Yo era el único médico del pueblo, con dos auxiliares de enfermería y cinco promotoras rurales de salud que atendían algunas de sus veredas. En 2022 visité el municipio encontrando doce médicos, con sala de cirugía y camas de hospitalización, lo que contradice lo afirmado por este gobierno de que la Ley 100 acabó con los hospitales públicos. Ese 28, día de los Inocentes, recibí a la media noche a mi primera paciente, una mujer de 42 años en el noveno embarazo, manejada por una partera durante varios días sin que hubiese podido atender el parto, lo que me generó cierto pánico: si ella con su experiencia no había podido era por algo grave.
No la habían llevado antes porque desde hacía un mes no había médico en el pueblo. Al examinarla, presentaba una infección avanzada, muerte fetal con una mano visible en el canal vaginal, con signos de descomposición.
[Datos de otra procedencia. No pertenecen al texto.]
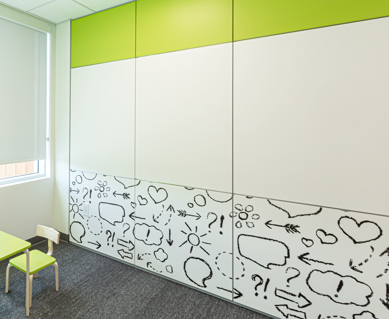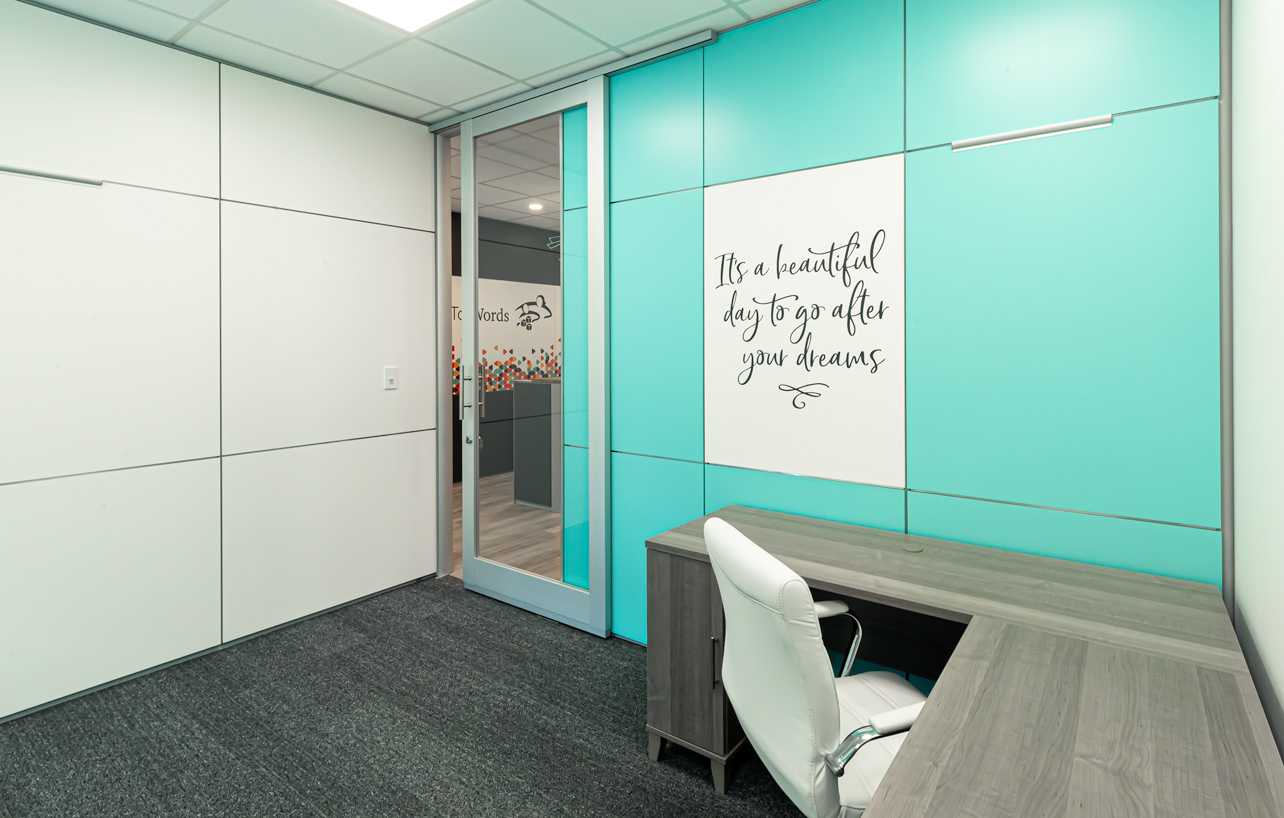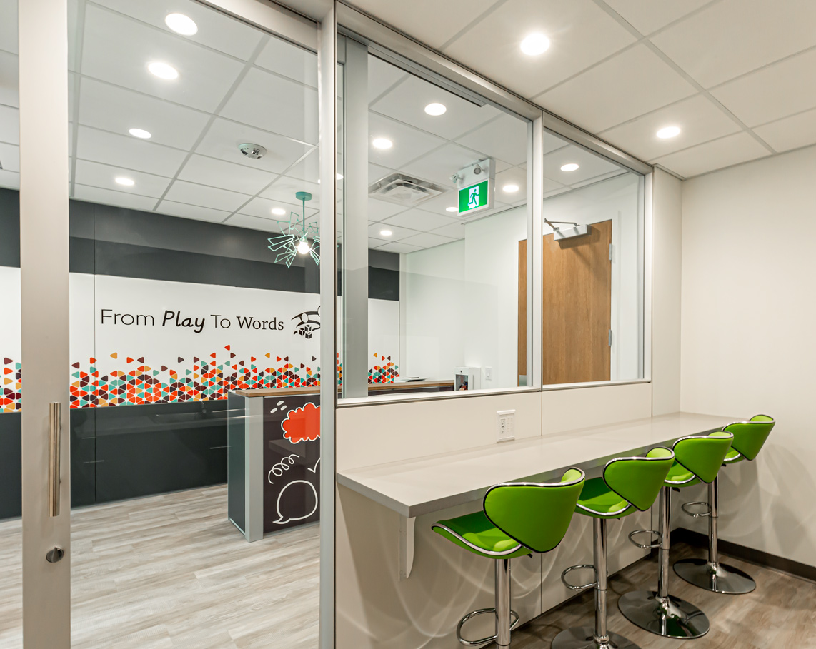 Our second location for this client, a unique child therapy services provider, this space featured glass fronts, solid walls, barn and wing doors, a DIRTT reception desk, and an array of custom graphic tiles and vibrant colours throughout.

Necesitaba iniciarle inmediatamente antibióticos y esteroides para estabilizar sus signos vitales y remitirla para una cirugía cesárea para tratar de salvar su vida.
La cruda y dolorosa realidad era que no había ambulancia, solo la volqueta del municipio en la que se acostumbraba a trasladar a los pacientes, pero ese día estaba varada; no se contaba con antibióticos ni esteroides inyectables; no había personal ni instrumental para hacer allí esta cirugía; y para rematar, su familia no tenía dinero para desplazarse fuera del municipio.
Solo atiné a llamar al cura del pueblo, quien llegó como a la una de la madrugada del 29, le aplicó los santos óleos propios del ritual cristiano cuando ya es inminente la muerte y con lo cual Dios podría recibirla más fácilmente en su reino. Entre todos rezamos un Rosario mientras la paciente fallecía doce horas después dejando ocho niños huérfanos.
Quien no recuerda la historia está condenado a repetirla, un episodio aciago ocurrido cuando la mayoría de los colombianos de hoy no había nacido y que por tanto desconocen que lo que tenemos en salud es muchísimo mejor, que, aunque podría serlo más, destruirlo sería un imperdonable error.